== SUPPLIED MATERIAL

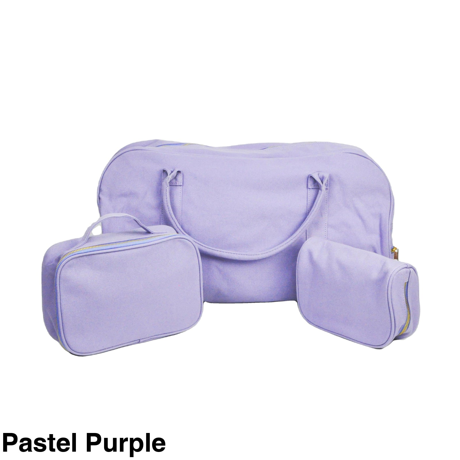 Included is a duffle bag, toiletries bag and cosmetic bag in your choice of colour from our range, made from 100% cotton with gold zippers and machine washable.
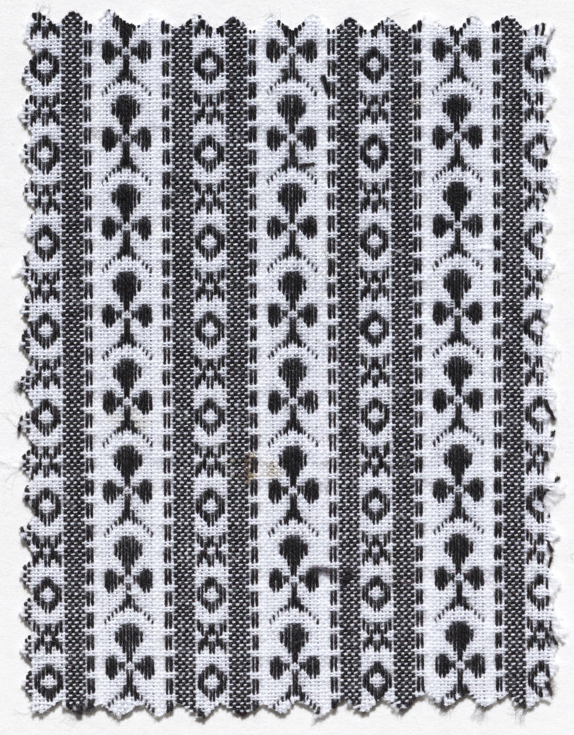 Stofstaal van katoenen schortenstof. Witte en zwarte kettingdraden met witte inslagdraden, in patroon geweven. Gebruikt als doordeweekse schortenstof bij de streekdracht van Zuid-Beveland. Dit van origine Walcherse 'schortenbont' werd vanaf circa 1975 ook op Zuid-Beveland gebruikt voor de doordeweekse schorten, omdat de schortenstof die de Zuid-Bevelandse vrouwen daarvoor gebruikten steeds zeldzamer werd.
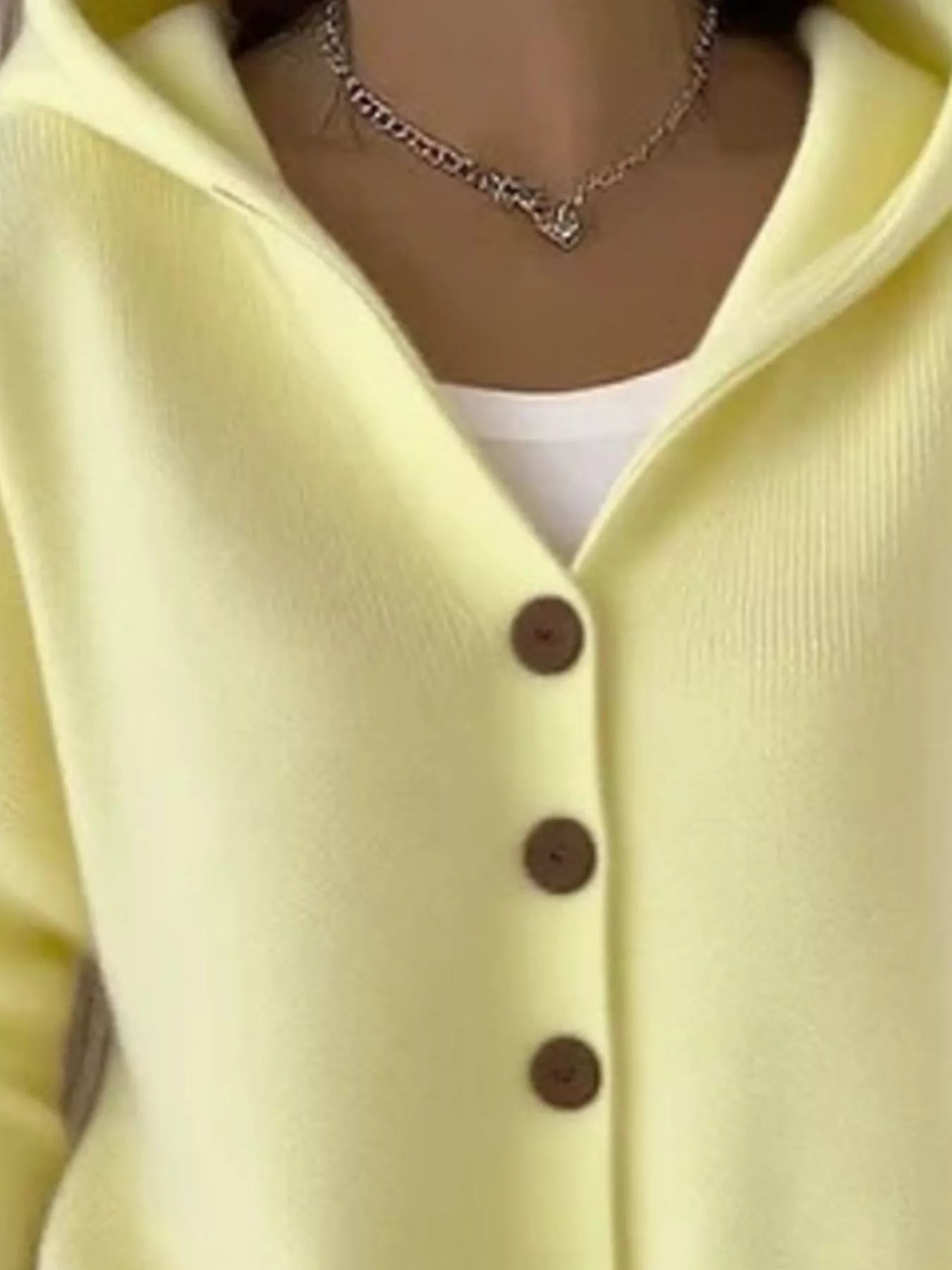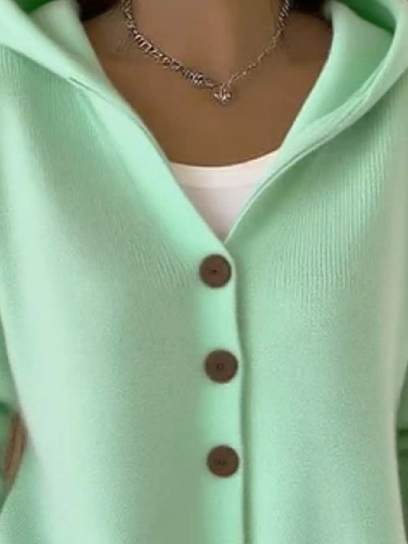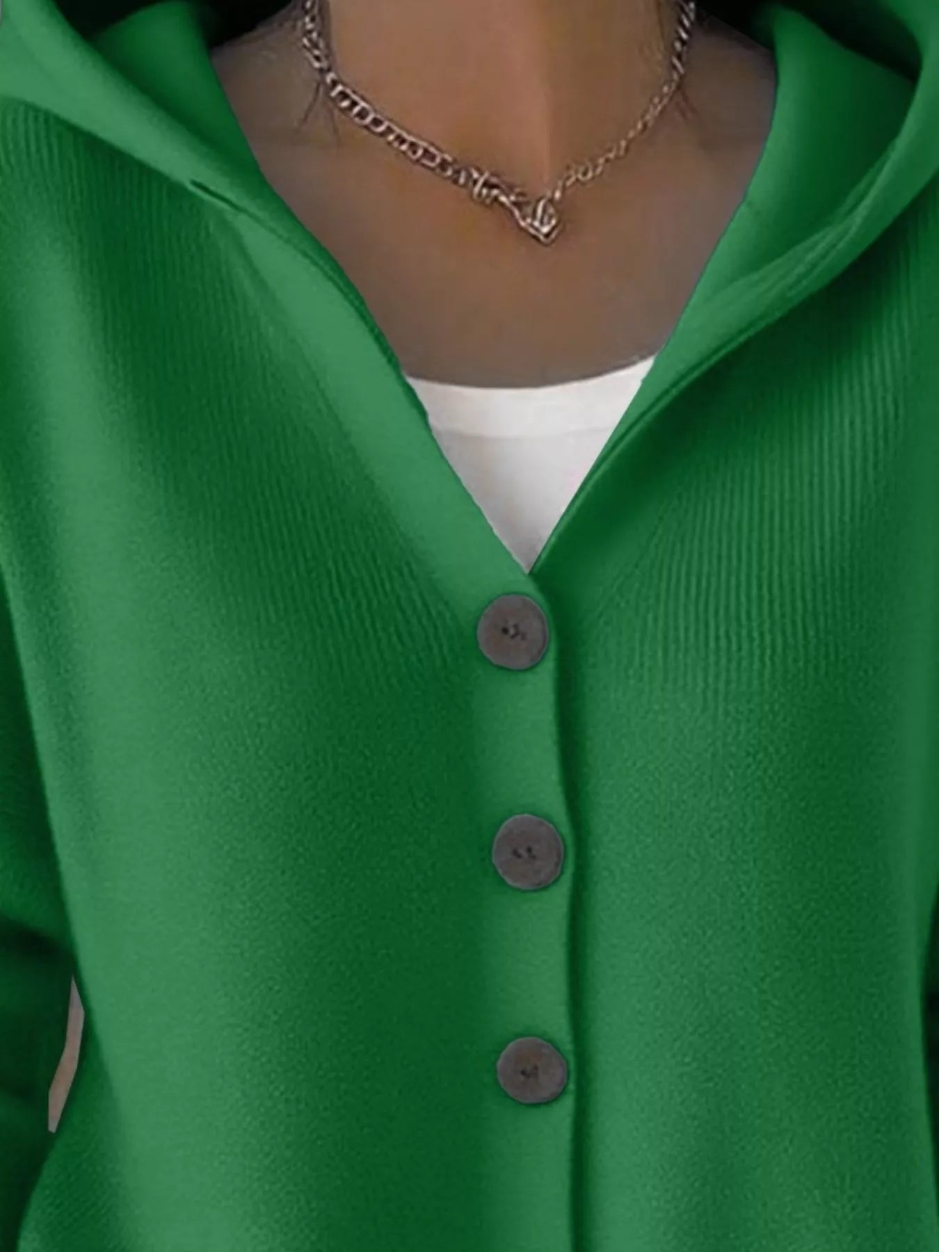 Embrace the perfect harmony of style and comfort with our Full Size Hooded Button-Front Soft Knit Cardigan. Designed for the woman who cherishes effortless elegance and ease, this cardigan offers a refined silhouette that gently flows with your natural curves, celebrating your shape with grace and fluidity. The slightly stretchy fabric — a rich blend of 95% acrylic and 5% spandex — provides a soft, luxurious touch that moves seamlessly with you, ensuring all-day comfort without ever feeling restrictive.

====

YOUR TASK:
Leave the pictures out and copy the rest of the data exactly.

SOLUTION FOR THIS PROBLEM:
 Included is a duffle bag, toiletries bag and cosmetic bag in your choice of colour from our range, made from 100% cotton with gold zippers and machine washable.
 Stofstaal van katoenen schortenstof. Witte en zwarte kettingdraden met witte inslagdraden, in patroon geweven. Gebruikt als doordeweekse schortenstof bij de streekdracht van Zuid-Beveland. Dit van origine Walcherse 'schortenbont' werd vanaf circa 1975 ook op Zuid-Beveland gebruikt voor de doordeweekse schorten, omdat de schortenstof die de Zuid-Bevelandse vrouwen daarvoor gebruikten steeds zeldzamer werd.
 Embrace the perfect harmony of style and comfort with our Full Size Hooded Button-Front Soft Knit Cardigan. Designed for the woman who cherishes effortless elegance and ease, this cardigan offers a refined silhouette that gently flows with your natural curves, celebrating your shape with grace and fluidity. The slightly stretchy fabric — a rich blend of 95% acrylic and 5% spandex — provides a soft, luxurious touch that moves seamlessly with you, ensuring all-day comfort without ever feeling restrictive.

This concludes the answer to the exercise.